Construct and describe a model of a right rectangular and a right triangular prism, using materials such as pattern blocks or modelling clay.
Construct right rectangular prisms from their nets.
Construct right triangular prisms from their nets.
Identify examples of right rectangular and right triangular prisms found in the environment.
• 4.SS.5
Demonstrate an understanding of congruency, concretely and pictorially.
Determine if two given 2-D shapes are congruent, and explain the strategy used.
Create a shape that is congruent to a given 2-D shape.
Identify congruent 2-D shapes from a given set of shapes shown in different orientations.
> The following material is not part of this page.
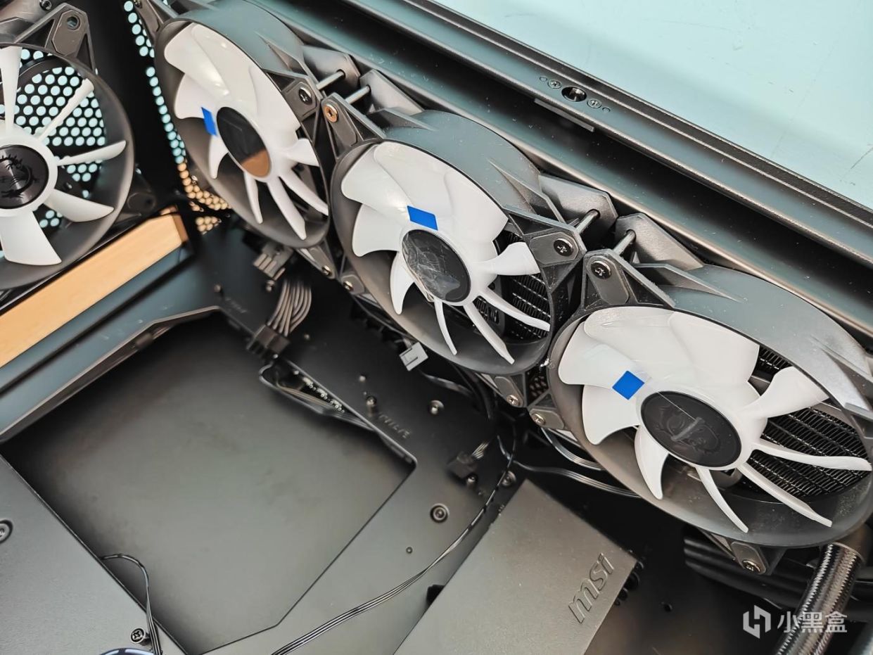 三枚冷排风扇,120mm,支持ARGB,风扇转速600-2200RPM,风速25.5-94.65CFM,气压最大高达3.68mm水柱。丙烯酸材质风扇,可以获得更好的ARGB效果。FDB轴承,有助于降低噪音和减少振动。

Identify corresponding vertices and sides of two given congruent shapes.
• 4.SS.6
Demonstrate an understanding of line symmetry by:
identifying symmetrical 2-D shapes.
creating symmetrical 2-D shapes.
drawing one or more lines of symmetry in a 2-D shape.
Identify the characteristics of given symmetrical and non-symmetrical 2-D shapes.
Sort a given set of 2-D shapes as symmetrical and non-symmetrical.
Complete a symmetrical 2-D shape, given half the shape and its line of symmetry.
Identify lines of symmetry of a given set of 2-D shapes, and explain why each shape is symmetrical.
Determine whether or not a given 2-D shape is symmetrical by using an image reflector or by folding and superimposing.
Create a symmetrical shape with and without manipulatives.
Provide examples of symmetrical shapes found in the environment, and identify the line(s) of symmetry.
Sort a given set of 2-D shapes as those that have no lines of symmetry, one line of symmetry or more than one line of symmetry.
• Statistics & Probability
• 4.SP.1
Demonstrate an understanding of many-to-one correspondence.
Compare graphs in which the same data has been displayed using one-to-one and many-to-one correspondences, and explain how they are the same and different.
Explain why many-to-one correspondence is sometimes used rather than one-to-one correspondence.
Find examples of graphs in print and electronic media, such as newspapers, magazines and the Internet, in which many-to-one correspondence is used; and describe the correspondence used.
• 4.SP.2
Construct and interpret pictographs and bar graphs involving many-to-one correspondence to draw conclusions.
Identify an interval and correspondence for displaying a given set of data in a graph, and justify the choice.
Create and label (with categories, title and legend) a pictograph to display a given set of data, using many-to-one correspondence, and justify the choice of correspondence used.
Create and label (with axes and title) a bar graph to display a given set of data, using many-to-one correspondence, and justify the choice of interval used.
Answer a given question, using a given graph in which data is displayed using many-to-one correspondence.